I am new to Scala programming , i have worked on R very extensively but while working for scala it has become tough to work in a loop to extract specific columns to perform computation on the column values

let me explain with help of an example :

i have Final dataframe arrived after joining the 2 dataframes, now i need to perform calculation like enter image description here

Above is the computation with reference to the columns , so after computation we'll get the below spark dataframe

enter image description here

How to refer to the column index in for-loop to compute the new column values in spark dataframe in scala

1

1 Answers

1
votes

Here is one solution:

Input Data:
+---+---+---+---+---+---+---+---+---+
|a1 |b1 |c1 |d1 |e1 |a2 |b2 |c2 |d2 |
+---+---+---+---+---+---+---+---+---+
|24 |74 |74 |21 |66 |65 |100|27 |19 |
+---+---+---+---+---+---+---+---+---+

Zipped the columns to remove the non-matching columns:

val oneCols = data.schema.filter(_.name.contains("1")).map(x => x.name).sorted
val twoCols = data.schema.filter(_.name.contains("2")).map(x => x.name).sorted
val cols = oneCols.zip(twoCols) 

//cols: Seq[(String, String)] = List((a1,a2), (b1,b2), (c1,c2), (d1,d2))

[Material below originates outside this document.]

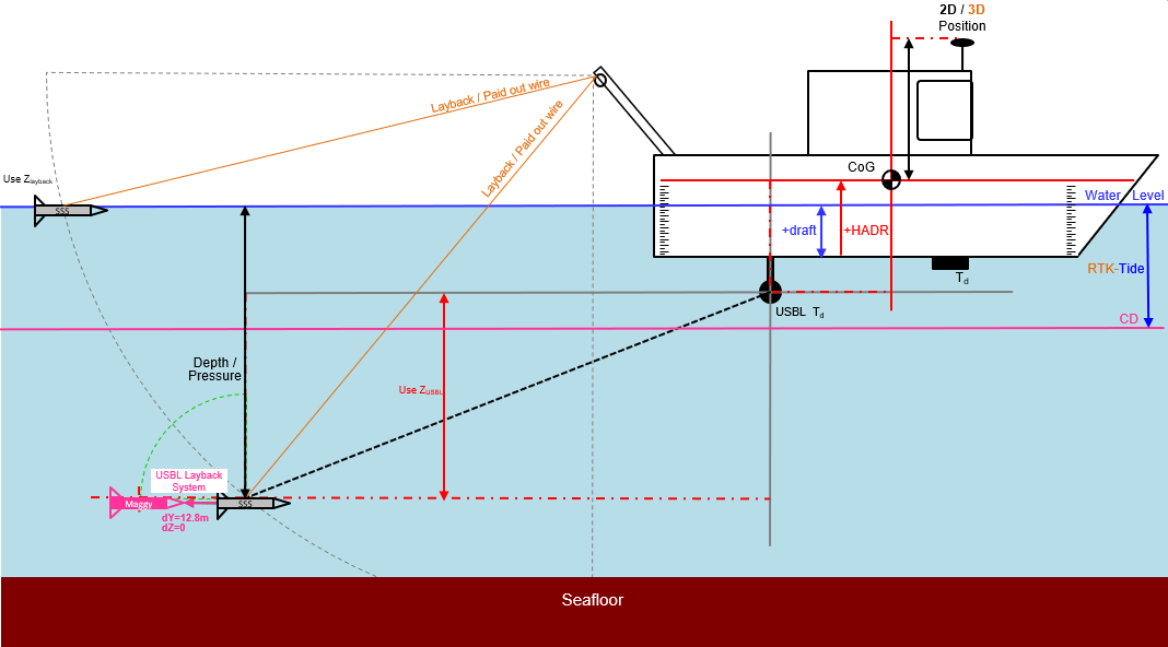 USBL dX,dY and Depth (relative to Water Line) or Depthcorrected for tide = DepthCD (Depth relative to Chart Datum) or a -Height (a setting since 9.4.1)

Use foldLeft function to dynamically add columns:

import org.apache.spark.sql.functions._
val result = cols.foldLeft(data)((data,c) => data.withColumn(s"Diff_${c._1}",
                                                  (col(s"${lit(c._2)}") - col(s"${lit(c._1)}"))/col(s"${lit(c._2)}")))

Here is the result:

result.show(false)  

+---+---+---+---+---+---+---+---+---+------------------+-------+-------------------+--------------------+
|a1 |b1 |c1 |d1 |e1 |a2 |b2 |c2 |d2 |Diff_a1           |Diff_b1|Diff_c1            |Diff_d1             |
+---+---+---+---+---+---+---+---+---+------------------+-------+-------------------+--------------------+
|24 |74 |74 |21 |66 |65 |100|27 |19 |0.6307692307692307|0.26   |-1.7407407407407407|-0.10526315789473684|
+---+---+---+---+---+---+---+---+---+------------------+-------+-------------------+--------------------+